Re: [slurm-users] swap size

2018-09-22 Thread John Hearns
I would say that, yes, you have a good workflow here with Slurm.
As another aside - is anyone working with suspending and resuming containers?
I see on the Singularity site that suspend/resume in on the roadmap (I
am not talking about checkpointing here).
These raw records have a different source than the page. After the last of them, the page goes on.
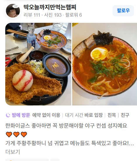 - “하이볼이 맛있어요. 요즘 느낌의 이자카야 가게입니다.” — 리뷰 통해 맛·분위기 모두 호평.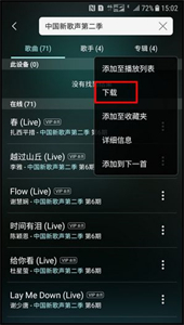 选择“下载”选项,系统将按当前网络环境智能匹配音质版本,一键存入设备本地。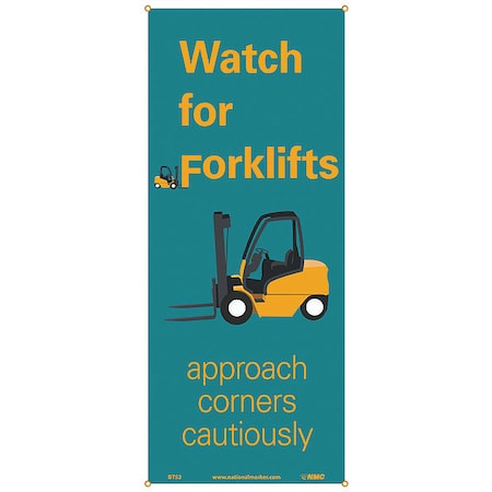 NMC BT52 Motivational and Safety Banner, Legend "Watch for Forklifts approach corners cautiously" with Graphic, 26" Length x 60" Height, Vinyl, Orange on

Also it is worth saying that these days one would be swapping to SSDs
and even better NVRam devices, so the penalties for swapping will be
less.
Warming to my theme what we should be looking at for large memory
machines is tiered memory. Fast DRAM for the actual computations which
are actively being written to. Then slower tiers of cheaper memory.
Diablo had implemented this, I believe they are no longer ctive. lso
there is Optne - which seems to hve gone a bit quiet.
But having read up on Diable the drivers for tiered memory are in the
Linux kernel.

Enough of my ramblings!
MAybe one day you will have a susyem with Tbytes of memory, and only
256 gig of real fast DRAM.

On Sat, 22 Sep 2018 at 07:20, Raymond Wan  wrote:
>
> Hi Ashton,
>
> On Sat, Sep 22, 2018 at 5:34 AM A  wrote:
> > So I'm wondering if 20% is enough, or whether it should scale by the number 
> > of single jobs I might be running at any one time. E.g. if I'm running 10 
> > jobs that all use 20 gb of ram, and I suspend, should I need 200 gb of swap?
>
>
> Perhaps I'm a bit clueless here, but maybe someone can correct me if I'm 
> wrong.
>
> I don't think swap space or a swap file is used like that.  If you
> have 256 GB of memory and a 256 GB swap file (I don't suggest this
> size...it just makes my math easier :-) ), then from the point of view
> of the OS, it will appear there is 512 GB of memory.  So, this is
> memory that is used while it is running...for reading in data, etc.
>
> SLURM's ability to suspend jobs must be storing the state in a
> location outside of this 512 GB.  So, you're not helping this by
> allocating more swap.
>
> What you are doing is perhaps allowing more jobs to run concurrently,
> but I would caution against allocating more swap space.  After all,
> disk read/write is much slower than memory.  If you can run 10 jobs
> within 256 GB of memory but 20 jobs within 512 GB of (memory + swap
> space), I think you should do some kind of test to see if it would be
> faster to just let 10 jobs run.  Since disk I/O is slower, I doubt
> you're going to get double the running time.
>
> Personally, I still create swap space, but I agree with John that a
> server with 256 GB of memory shouldn't need any swap at all.  With
> what I run, if it uses more than the amount of memory that I have, I
> tend to stop it and find another computer to run it.  If there isn't
> one, I need to admit I can't do it.  Because once it exceeds the
> amount of main memory, it will start thrashing and, thus, take a lot
> of time to run.  i.e., a day versus a week or more...
>
> On the other hand, we do have servers that double as desktops during
> the day.  An alternative for you to consider is to only allocate 200
> GB of memory to slurm, for example, leaving 56 GB for your own use.
> Yes, this means that, at night, 56 GB of RAM is wasted, but during the
> day, they can also continue running.  Of course, you should set aside
> an amount that is enough for you...56 GB was chosen to make my math
> easier as well.  :-)
>
> If something I said here isn't quite correct, I'm happy to have
> someone correct me...
>
> Ray
>



Re: [slurm-users] swap size

2018-09-22 Thread Raymond Wan
Hi Ashton,

On Sat, Sep 22, 2018 at 5:34 AM A  wrote:
> So I'm wondering if 20% is enough, or whether it should scale by the number 
> of single jobs I might be running at any one time. E.g. if I'm running 10 
> jobs that all use 20 gb of ram, and I suspend, should I need 200 gb of swap?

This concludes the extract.